E.K. v. M.M.
Opinion text
THE STATE OF NEW HAMPSHIRE
SUPREME COURT
In Case No. 2023-0193, E.K. v. M.M., the court on
December 28, 2023, issued the following order:
The court has reviewed the written arguments and the record submitted
on appeal, and has determined to resolve the case by way of this order. See
Sup. Ct. R. 20(2). The defendant, M.M., appeals the order of the Circuit Court
(Derby, J.), issued after a hearing, granting a domestic violence final order of
protection to the plaintiff, E.K., the defendant’s son, who was in high school.
See RSA 173-B:5 (2022). The defendant argues that the evidence was
insufficient to support the court’s order. We affirm.

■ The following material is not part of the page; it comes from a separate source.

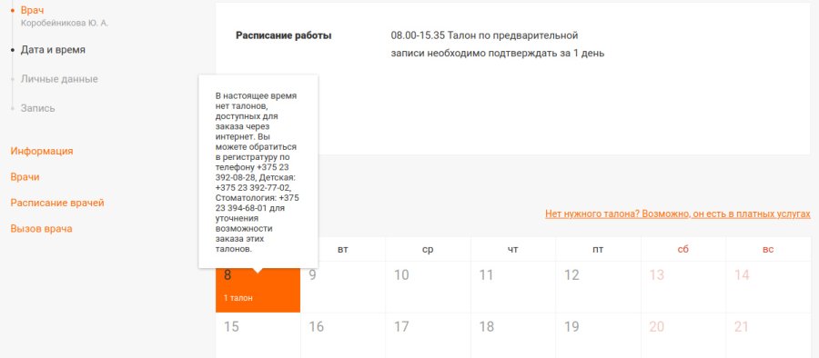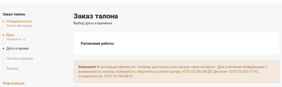 Флагшток попробовал дозвониться в регистратуру поликлиники Рогачевской ЦРБ, но так и не дождался ответа специалиста — каждый раз автоответчик сообщал, что «все операторы заняты». Также мы проверили, возможно ли записаться к врачам через сервис Талон.бай — оказалось, что действительно талонов на эту неделю практически нет. Например, к единственному врачу-неврологу записи нет на всю неделю, а один талон на понедельник, указанный на сервисе, оказался недоступен для заказа через интернет.

To obtain a domestic violence final order of protection, the plaintiff must
establish, by a preponderance of the evidence, that the defendant engaged in
“abuse.” RSA 173-B:5, I. “Abuse” is defined in RSA 173-B:1 and includes the
commission or attempted commission of one or more acts enumerated therein
by a family or household member when “such conduct is determined to
constitute a credible present threat” to the plaintiff’s safety. RSA 173-B:1, I
(2022). The trial court “may consider evidence of such acts, regardless of their
proximity in time to the filing of the petition, which, in combination with recent
conduct, reflects an ongoing pattern of behavior.” Id. The trial court found
that the defendant committed the offense of stalking, one of the enumerated
acts, see RSA 173-B:1, I(d); RSA 633:3-a, I(b) (2016), and that the defendant’s
conduct constituted a credible present threat to the plaintiff’s safety.
The trial court’s “findings of facts shall be final, but questions of law may
be transferred from the circuit court to the supreme court.” RSA 173-B:3, VI
(2022). We review sufficiency of the evidence claims as a matter of law,
upholding the trial court’s findings and rulings unless they lack evidentiary
support or are tainted by legal error. S.C. v. G.C., 175 N.H. 158, 162 (2022).
We view the evidence in the light most favorable to the prevailing party, here,
the plaintiff. Id. at 163. We accord considerable weight to the trial court’s
judgments on the credibility of witnesses and the weight to be given testimony.
Id. at 162-63.
The trial court found credible the plaintiff’s testimony and did “not find
defendant’s testimony on the relevant facts to be credible.” The court also
found that the plaintiff had not seen the defendant for many years, when, in
violation of a court order, she approached him in September 2022, on the
grounds of or in the immediate vicinity of his school. During this interaction,
the defendant “order[ed]” the plaintiff to kiss her and grabbed at his hand
several times. She also “identified [to the plaintiff] at least one other place she
had been, strongly implying that she had been looking for the plaintiff.” The
court found that the September interaction “was apparently a sudden, if not
erratic, and unexpected change in the defendant’s compliance with the [court
order].” The trial court found that the plaintiff “testified credibly that the
defendant’s conduct places him in fear for his safety.”
The plaintiff was a minor at the time of the September encounter. When
he turned 18 two months later, he sent the defendant an email saying that he
wanted “zero contact [with her] . . . in person, phone, social media and e-mail.”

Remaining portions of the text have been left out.